A US drone strike targeting a vehicle in Pakistan's northwestern
tribal belt on Monday killed at least four militants, local security
officials said.
The unmanned aircraft fired two missiles, hitting
a vehicle and a guest house of a local tribal elder in the Nurak area
of North Waziristan, the Pakistani officials told AFP.
The area is within the notorious tribal badlands that Washington calls a global headquarters of Al-Qaeda, .
"The
unmanned aircraft fired two missiles at the vehicle and killed at least
four militants in the strike," one security official told AFP on the
condition of anonymity as he is not authorised to speak to media.
"A
guest house of a local tribal elder was also destroyed in the attack.

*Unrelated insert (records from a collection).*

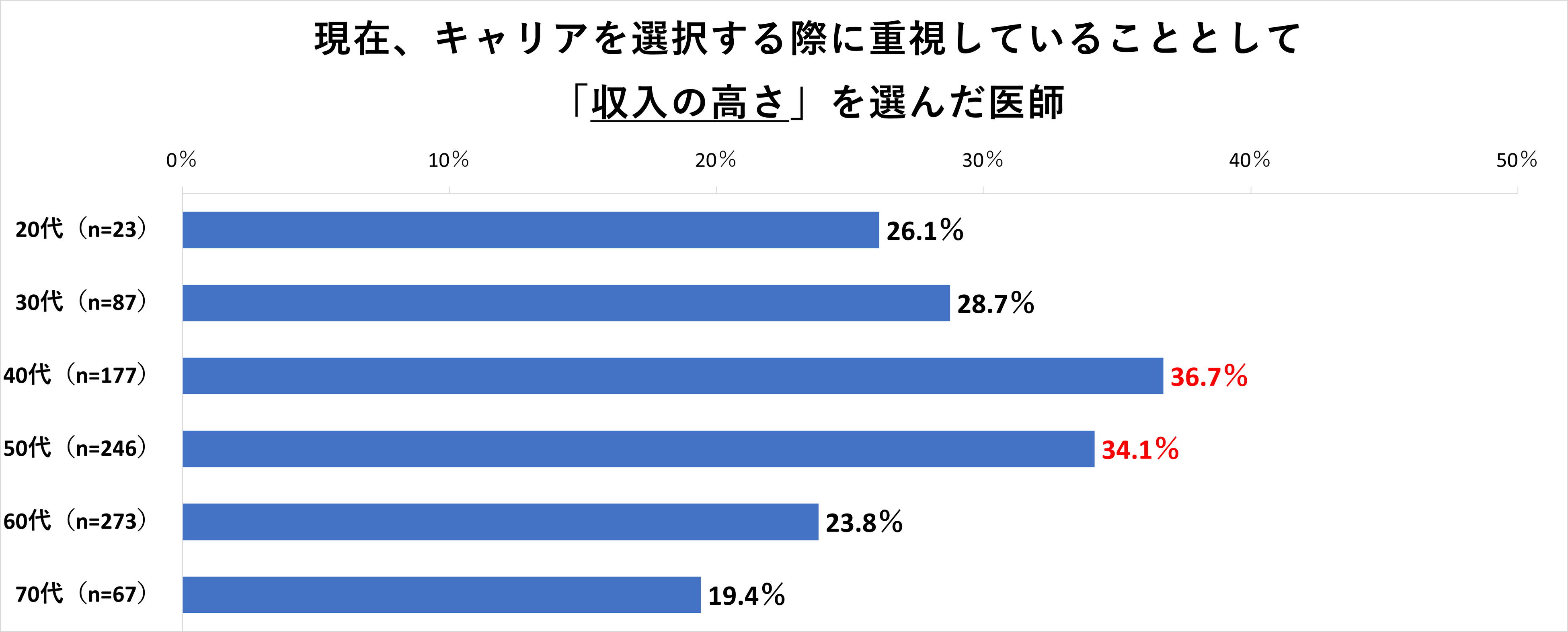 最も多くの医師が重視したのは「収入の高さ」でしたが、この項目はどの年代でも一定の割合を占め、特に40代(36.7%)、50代(34.1%)では他の年代よりも高い傾向が見られました。家庭や教育費など、経済的な責任が増す時期に重視されやすいと考えられます。
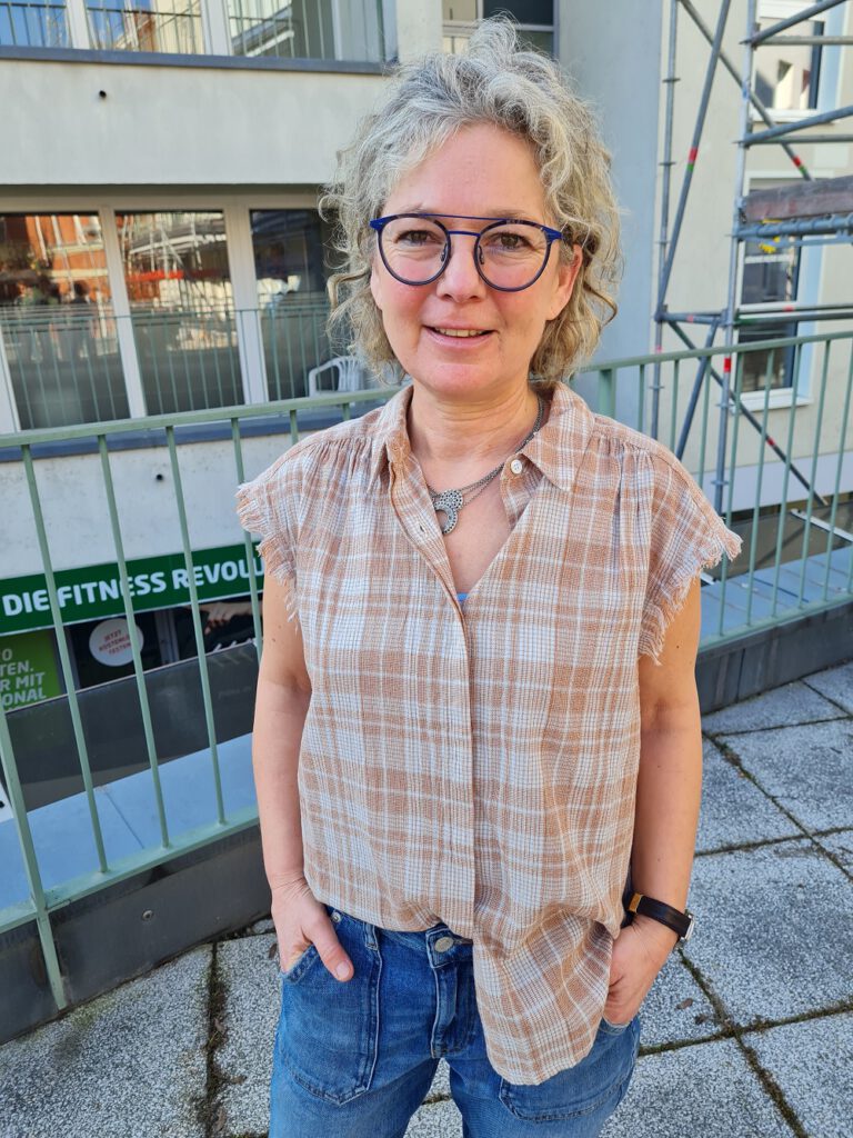 Look des Tages, heute mal extrem lässig – es ist ja Wochenende! Sehen Sie zu unserer kleinen, knöchellangen Sommerjeans von Summum ein weiches, kastig geschnittenes, kleinkariertes Top mit ausgefransten (aber sauber vernähten) Armausschnitten. Wunderschön auf der Haut, man sieht es unserem Gastmodel an, oder? An dieser Stelle einen herzlichen Dank fürs Posen. Dazu gibt es die letzte Leinenjacke in der Größe 36 bei uns oben.
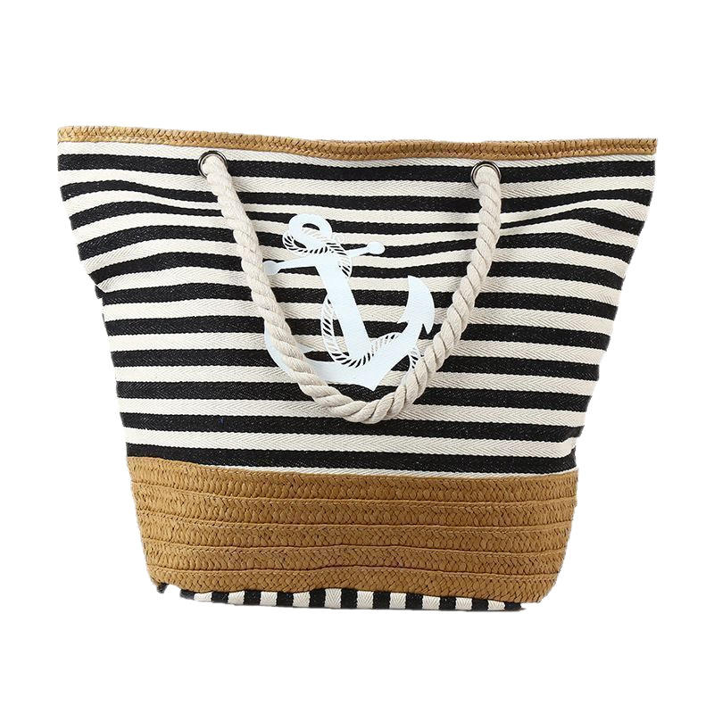 Women's Summer Casual Canvas Handheld Beach Bag Tassel Large Capacity Creative Striped Design Crochet Woven Bags

However, it was not immediately known if there was anybody inside the
guest house at the time of the attack," he added.
Nurak area is
20 kilometers (12 miles) east of Miranshah, the main town of the
district of North Waziristan, considered a militant stronghold.
The
security official said initial reports suggested that a group of
militants were travelling in the vehicle at the time of the attack.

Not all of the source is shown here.